Ma chi ha chiesto scusa a Domenico, a Luigi, ad Angelo, ai seicentomila morti, ai due milioni di invalidi, alle vedove, ai figli, ai padri, alle madri? Vien voglia di urlare. No signori, a questi sbarbati che si inventano anche il battimano a ritmo cantando l’Inno di Mameli come se si cantasse la marcetta di Biancaneve e i sette nani o che stanno seduti a trafficare col cellulare, non possiamo porgere scuse. Meglio lasciare ‘sta gente a scuola, ignara, perché a diciotto anni si dovrebbe aver una pallida idea di dove si è, perché si sta in quel luogo, cosa sta accadendo, altrimenti si è già persi.

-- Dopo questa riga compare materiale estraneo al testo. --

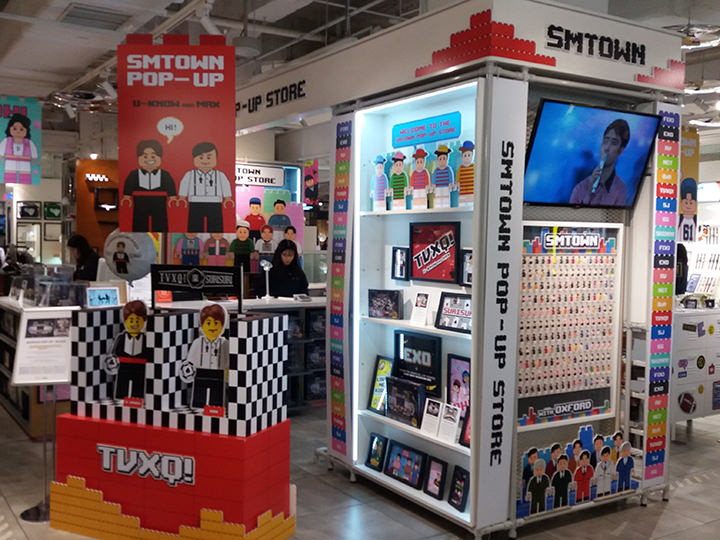 在一层会有限定时间内售卖的概念商店。从去年12月开始售卖了关于东方神起和EXO的现场直播会场和MV为主题的钻石积木系列。

Noi di Varese per l’Italia 26 maggio 1859 alla fine ci siam guardati, ci siamo rialzati ed abbiamo abbandonato la cerimonia.

Con la bandiera tricolore sulle spalle, avviati verso via Indipendenza, è arrivata la ciliegina sulla torta dell’infausta giornata. Il solito imbecille che col tricolore si pulirebbe le terga ha sentito il bisogno di fare una battuta spiritosa con l’amico fermo sulla porta del negozio di fronte.

 “ …. non sapevo che oggi giocava l’Italia, com’ è finita?”.

 “È finita con dieci milioni di morti, imbecille!” è stata la risposta.

 Lo spiritosone non ha avuto Domenico, Luigi ed Angelo al fronte. Che tristezza. Che povera gente.